Many countries rely on the European Best Available Technique (BAT) guidelines (European Commission, 2019) as the basis for their own country specific industrial regulation standards to justify approving incinerator projects. Yet this report highlights the significant failures of these guidelines as experienced by the Czech Republic and many other European countries.
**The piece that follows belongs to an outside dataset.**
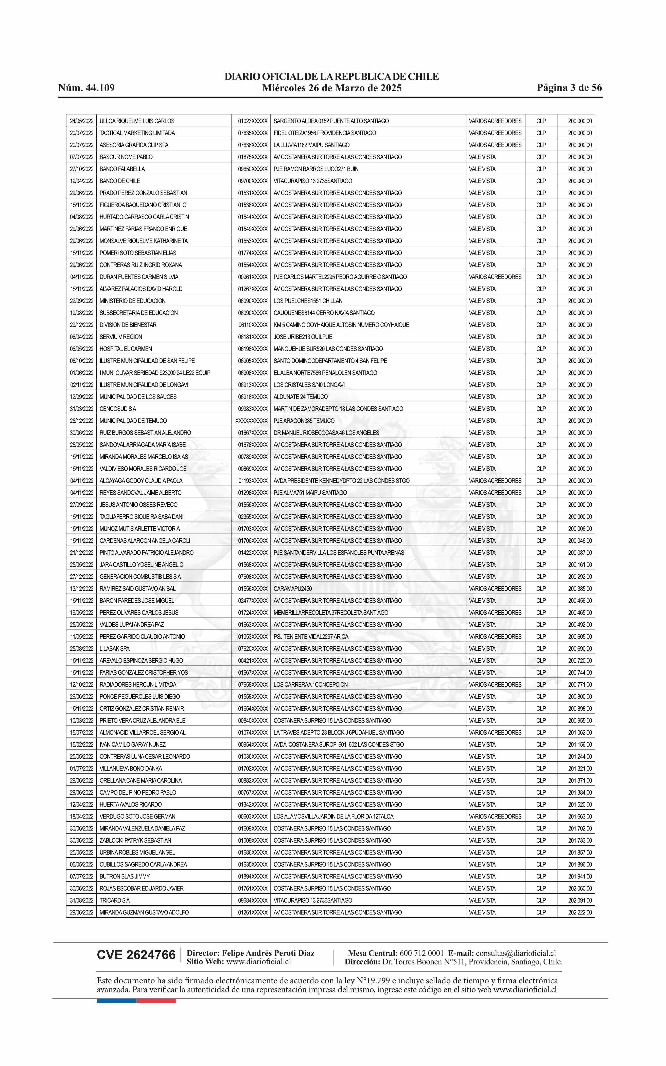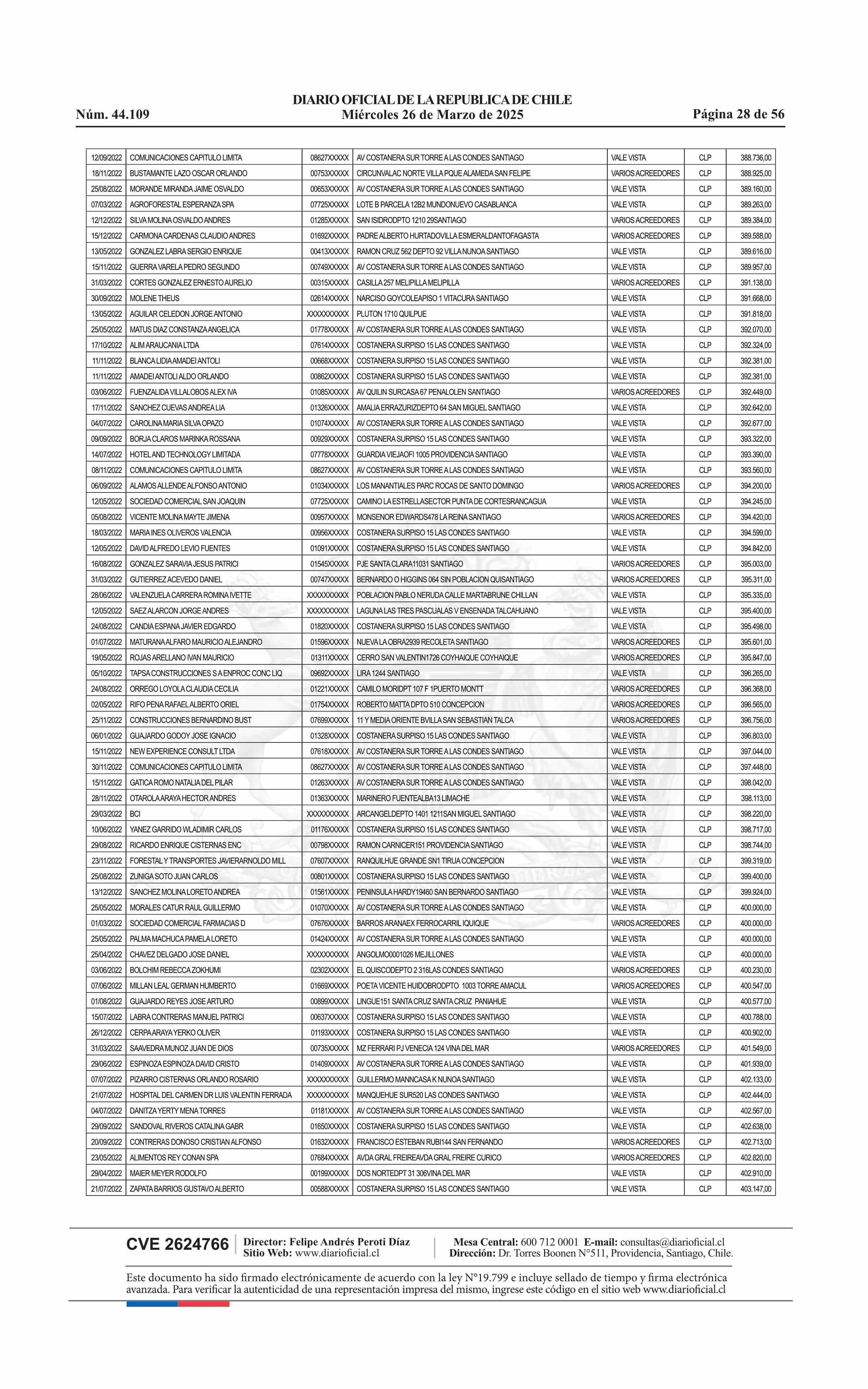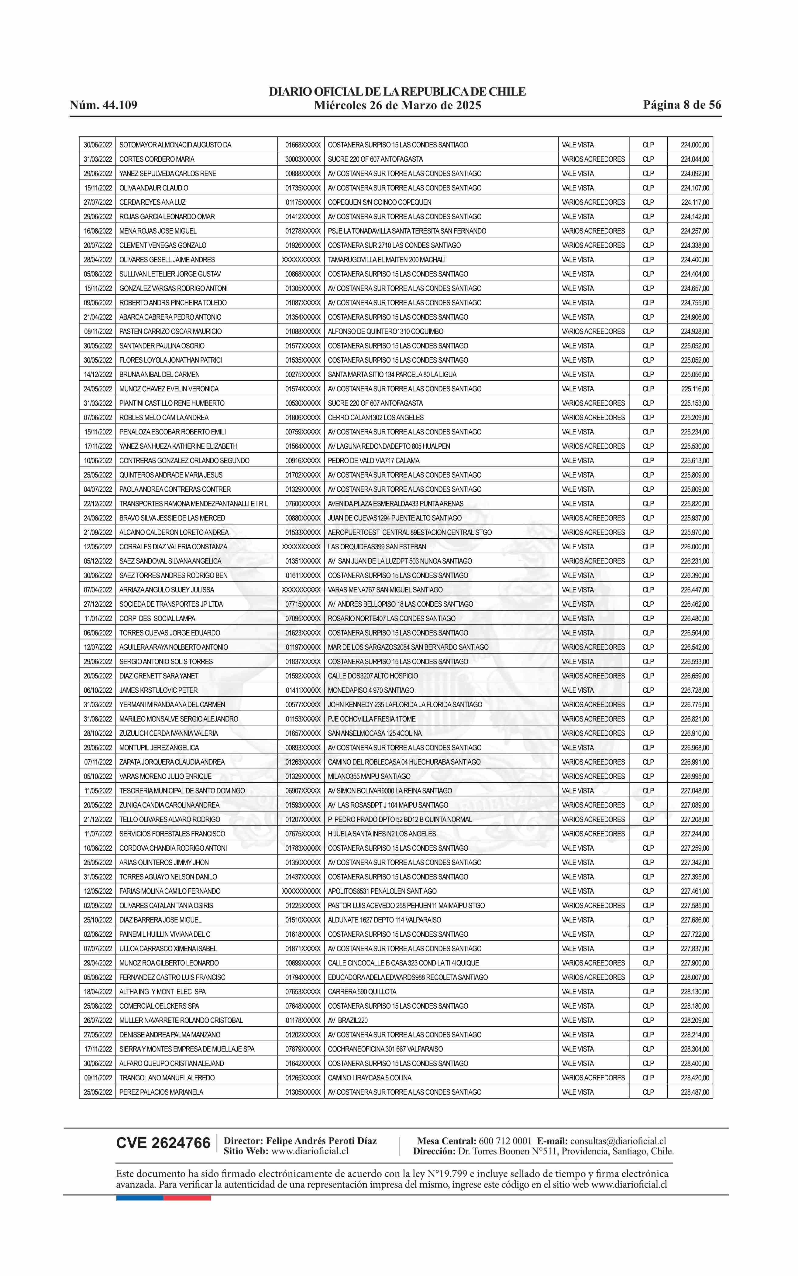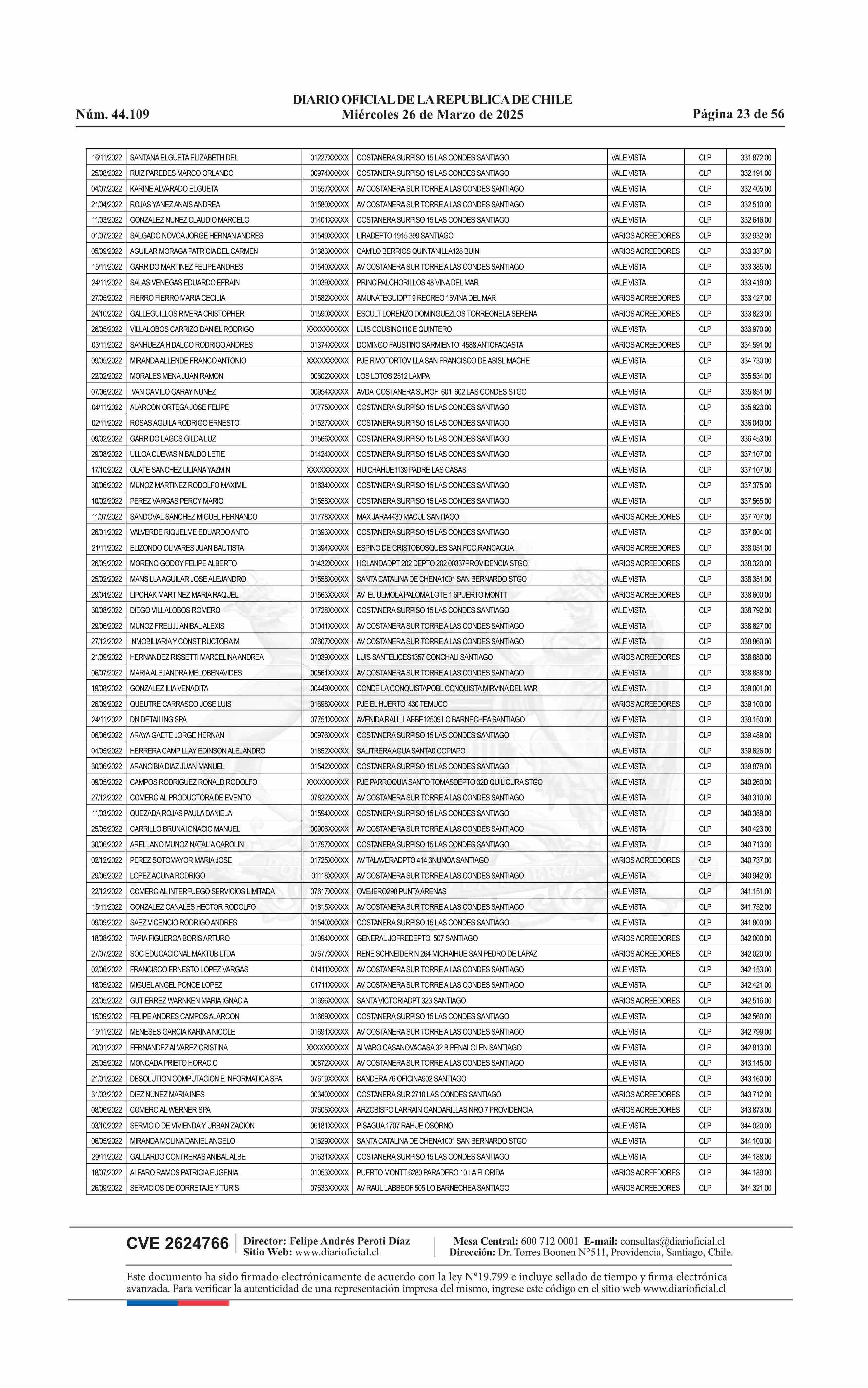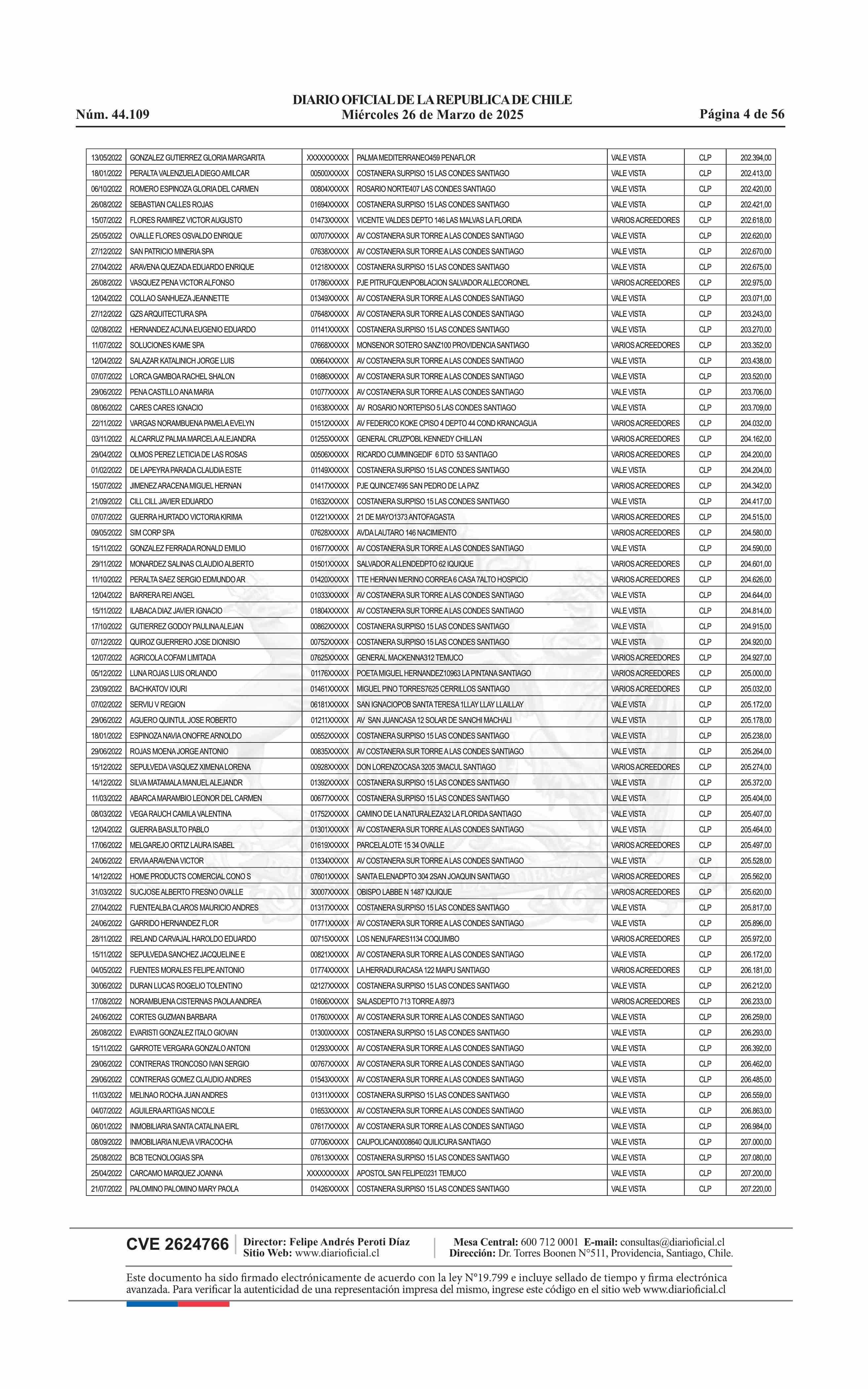 | Fuente: | Diario Oficial Edición Electrónica (Diario Oficial de Chile - 4 Avisos Destacados) | Página(s): | 9-64 |

The material reality of the adverse impacts of waste incineration on those communities living close to such facilities is underscored by this document.
As the Global South faces a concerted push to establish waste incineration widely, particularly in the Southeast Asian region, where there is little experience with such technologies and industrial regulatory oversight is not assured, the protection of the environment and human health subsequently faces many serious threats.
Despite the claims of waste incineration proponents and governments that the EU Best Practice Standards for waste incineration operations are robust and protect human health and the environment, but the most dangerous substances (such as dioxins or mercury) that are produced during combustion are monitored in emissions only twice a year, and many of them are not monitored at all (Chapters 3.1 and 5.1.1.1). Waste incinerators also release significant amounts of mercury and other toxic metals into the environment with negative effects on health. Due to emission limits, incinerators must clean their flue gases. However, this creates another flow of toxic waste in the form of ash and air pollution control (APC) residues, which should require strict handling and treatment regulations as a hazardous waste. (Chapters 3.3 and 5.1.1.3). The failure to adequately account for and regulate fly ash, and therefore, the dioxins and other POPs it contains, significantly contributes to exceeding the planetary limits of chemical pollution (Chapter 4.2). The amount of unregulated dioxins in fly ash out of control corresponds to the maximum tolerable intake of these substances for the population of up to 133 planets Earth.
Incinerating waste, while producing the energy that powers our modern, energy-intensive lives, also actively contributes to the cycle of climate change. Emissions of carbon dioxide, created by the combustion process, are one of the driving forces behind the greenhouse effect, which has serious consequences in the form of global warming and climate change. By 2050, the conversion of plastic waste to energy (including incineration in WtE) will lead to greater emissions of carbon dioxide than the burning of fossil fuels. Energy utilization of waste therefore does not help solve global climate change but contributes to it and thus represents a dead end in replacing coal (Chapter 4.1).